Firms take cover as they come under cyberattack
As the number of high-profile internet security breaches increases at an alarming rate, Hong Kong will see more interest in so-called cyber insurance products, experts say.
'The market will go from having a handful of cyber insurance solutions on offer to having a multiple of 10 to 20 such insurance products available within the next six to 12 months,' said Murray Wood, the regional managing director in Asia for the financial services and professions group at Aon Risk Solutions.
The company is the global risk-management business unit of London-based Aon, the world's largest reinsurance broker.
'We will see a rash of insurers launching these products, which would acknowledge that the demand for these policies is developing quite quickly,' Wood said.
'There may be at least a dozen insurance companies with such offerings in Hong Kong.'
Some of the most active firms helping to educate the Hong Kong market about the level of network security threats, the consequences of those risks, and the availability of cyber insurance policies include Chubb, one of the largest property and casualty insurers in the United States, and Chartis, which launched its comprehensive cyber-related product line in May.
'Our discussions with a number of international insurance companies in Asia show that they have lined up new insurance policies to take on cyber security liabilities, such as unauthorised network access, business interruption as a consequence of their networks being breached and data privacy issues,' Wood said.
He pointed out that the high-risk industries in Hong Kong and Asia that require cyber insurance products were the same as those in the rest of the world.
These include the financial services, health care, technology, e-commerce, retail and education sectors.
'There has been a clear increase in the frequency and severity of cyber incidents that have had an impact on businesses in Hong Kong,' Wood said.
Police last week said the websites of 16 Hong Kong gold and silver investment and securities trading companies - with a combined estimated daily trading volume of HK$44 billion - were compromised by mainland computer hackers.

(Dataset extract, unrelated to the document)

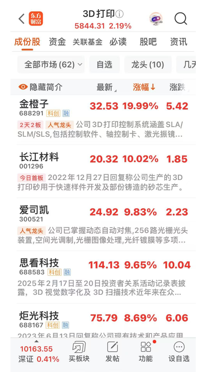6月16日下午開盤后,3D打印概念板塊漲幅明顯擴(kuò)大。東方財富軟件顯示,截至收盤,3D打印概念股中金橙子(688291)“20cm”漲停,長江材料(001296)“10cm”漲停,愛司凱(300521)、思看科技(688583)、炬光科技(688167)、金運(yùn)激光(300220)等股漲超8%。
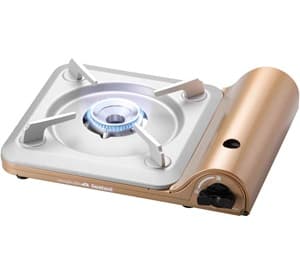 キャンプシーンで活躍、風に強いカセットコンロ |

Six men from Shanghai, Hunan and Hubei were arrested in a joint operation by Hong Kong and mainland police on June 20 for launching targeted distributed denial-of-service (DDoS) attacks on those websites and blackmailing the affected companies for a total of 460,000 yuan (HK$563,000).
DDoS attacks bombard servers running the targeted websites with more incoming data than the computers can handle, effectively shutting them down.
The police in May reported that e-mail fraudsters ramped up attacks against companies in Hong Kong. Losses by local and overseas firms totalled HK$23 million that quarter, up from HK$1.18 million in the same period last year.
Police said international and local syndicates were behind the e-mail fraud. They hacked the e-mail accounts of the affected companies to harvest information that was used to impersonate the victims' business partners. These companies were then duped into sending payments to new bank accounts controlled by the hackers.
In August last year, a wave of DDoS attacks crashed the regulatory disclosure website of Hong Kong Exchanges and Clearing (HKEx). Investors were not able to access company announcements.
That also forced the suspension of shares in seven firms with a combined market value of HK$1.5 trillion, including blue-chips HSBC Holdings, HKEx itself and Cathay Pacific Airways. Trading was also halted on a listed debt security and 419 warrants and derivatives linked to the suspended stocks.
At the launch of Chartis' CyberEdge insurance product in May, its Asia-Pacific vice-president, Ian Pollard, described Hong Kong companies as 'significantly unprepared' for cyber liabilities. Pollard urged the leaders of these firms to 'get serious about managing their cyber risks'.
An industry source said the recent legislative approval of amendments to the Personal Data (Privacy) Ordinance could also help spur demand for cyber risk-related insurance policies.
The amendments were introduced last year to the Legislative Council, following the 2010 scandal concerning the Octopus card company's sale of customer data to its business partners.
In a recent report, DLA Piper solicitor Arthur Cheuk Ho-yin said the amendments required data users who wished to use, provide or sell personal data for direct marketing purposes to make specific disclosures to the 'data subjects', or individuals to whom the personal data related.
Such disclosures include the types of personal data and parties involved, the classes of goods/services to be marketed, and the right of data subjects to opt out.
Wood, of Aon, said: 'Legislation is trying to catch up to the pace of technology and new threats. Cyber risk has become an important boardroom discussion, not just a discussion for IT professionals.'
The Hong Kong insurance market's total gross premiums for last year reached HK$225.8 billion - an increase of 9 per cent from the previous year.